Judge: Fantasy leagues allowed to use MLB player names, stats – MLB – Yahoo! Sports

MLB – Yahoo! Sports

My opinion is that this will was the rational conclusion, and it will also prove to be the best one for the fantasy sports business and the leagues, too. MLB has plenty to sell beyond the stats and names, and they will benefit because the grass roots development of leagues and games won’t be squelched before they start.

The Physics of Ball on Bat

Alaska Science Forum

Thanks to James in Kansas City, this link is to a story that mostly recapitulates Robert Adair’s research on how far a ball might be hit by a human. So give props to James and to Robert Adair, but don’t snub the Alaskans who remind us of this question. Could it be true that none of the steroid enhanced sluggers of the past 30 years matched the distance of the besotted Mick?

Ask Rotoman The Column

Major League Baseball : Fantasy : Fantasy

The new one went up yesterday afternoon, with a look at the demise of Chris Shelton and Dan Johnson, trading a phenom for a flake (a really good flake), and why you shouldn’t cancel even a really bad trade. Plus chatter about that flukey outfielder in Detroit.

Ask Rotoman, July 26, 2006

mlb.com

The new one has been up since Wednesday, though there was a bad link until sometime Thursday that made it a little hard to find. You’ll find answers to questions about adding batting average, improving pitching, and, um, well, a catchall that has some advice about asking questions of Rotoman.

Floyd Landis’ positive test shows why drug testing will never work. By Brian Alexander

By Brian Alexander

Makes sense to me, though you’re going to have to convict them first.

Shameless pursuit – Cycling –

Yahoo! Sports


“It is possible that in a sport overloaded with cheats Armstrong overcame cancer and utterly dominated for seven years, but is it really probable?”

It has come to this. If you’re tested and come up positive you are a immoral lout, a cheat, a disgrace.
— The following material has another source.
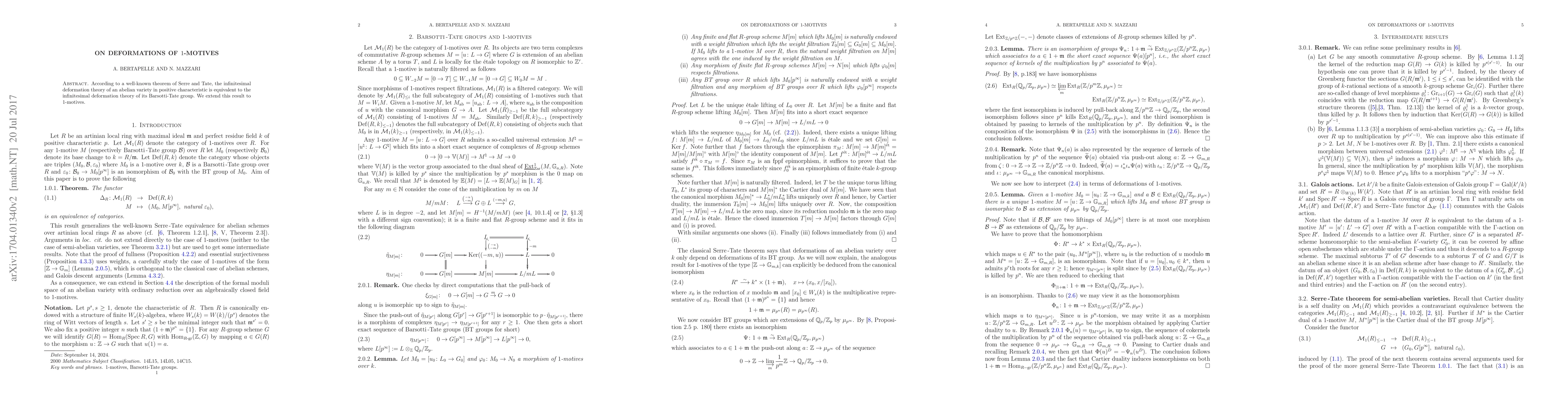 According to a well-known theorem of Serre and Tate, the infinitesimal deformation theory of an abelian variety in positive characteristic is equivalent to the infinitesimal deformation theory of its Barsotti-Tate group. We extend this result to $1$-motives.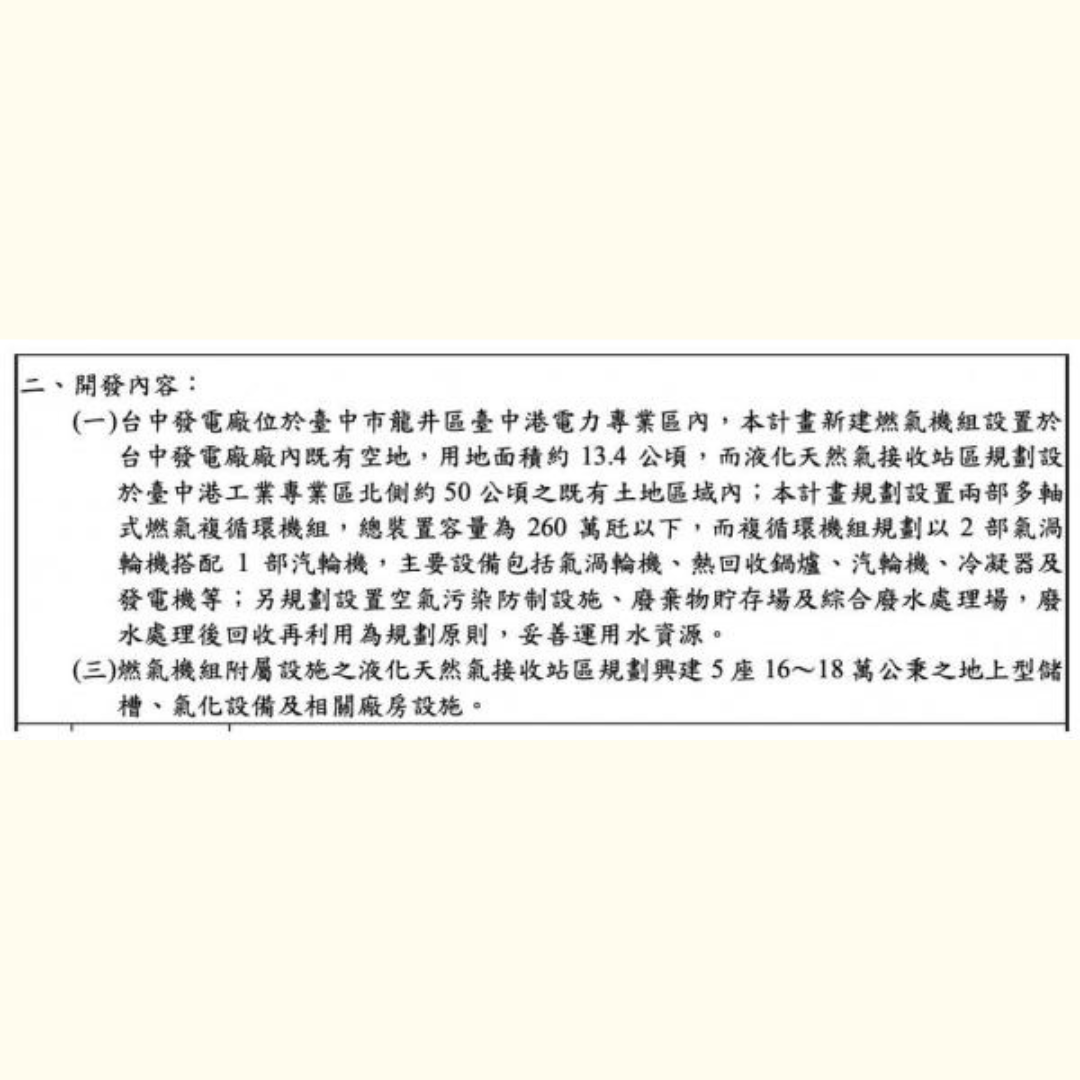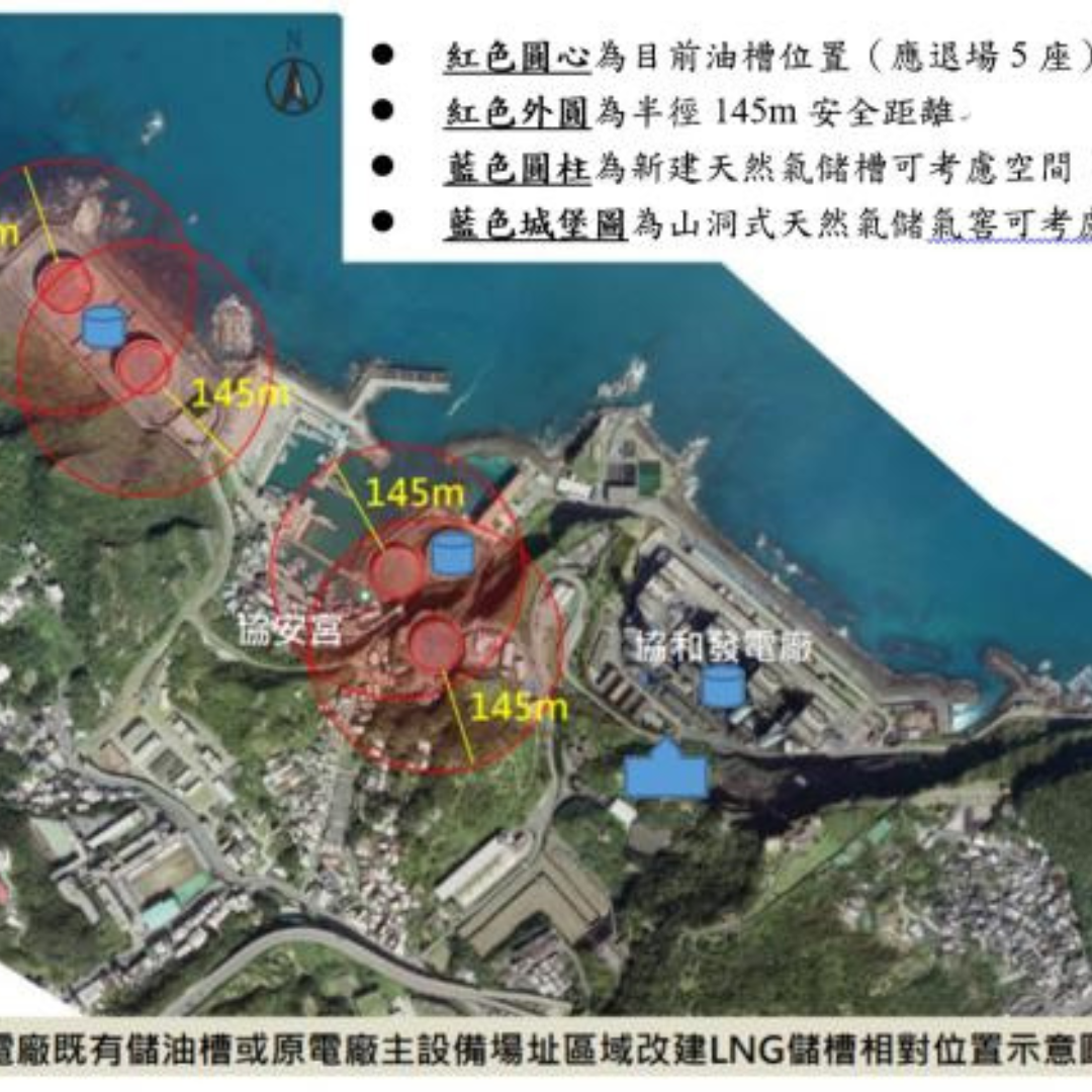 一、優先檢討廠內空間配置,避免填海造地: 協和電廠更新改建後,4部燃油發電機組減為2部燃氣發電機組,5座儲油槽也不再需要,理當可空出部分空間,應優先檢討廠內空間配置(如:儲氣槽設在2部發電機組中間;或將2座儲氣槽分散設置在原2座儲油槽及3座儲油槽中間;或於山洞設置儲氣窖等),避免活埋74,392株珊瑚的填海造地工程。 二、2050年淨零碳排政策

And if you’re tested and come up negative you must have come up with a way to beat the test.

The crisis here, as Wetzel actual gets to after a while, is one of the nature of sports and competition. It’s hard to see bicycling as more corrupt than any other, but maybe the physical pressures caused the many to turn to PEDs first.

In any case, with the IOC now looking to ban those tents that simulate high-altitude conditions endurance athletes use for training, but not high-altitude training itself, the contradictions are starting to come to a head.

Somehow calling athletes who cheat immoral seems way beside the point.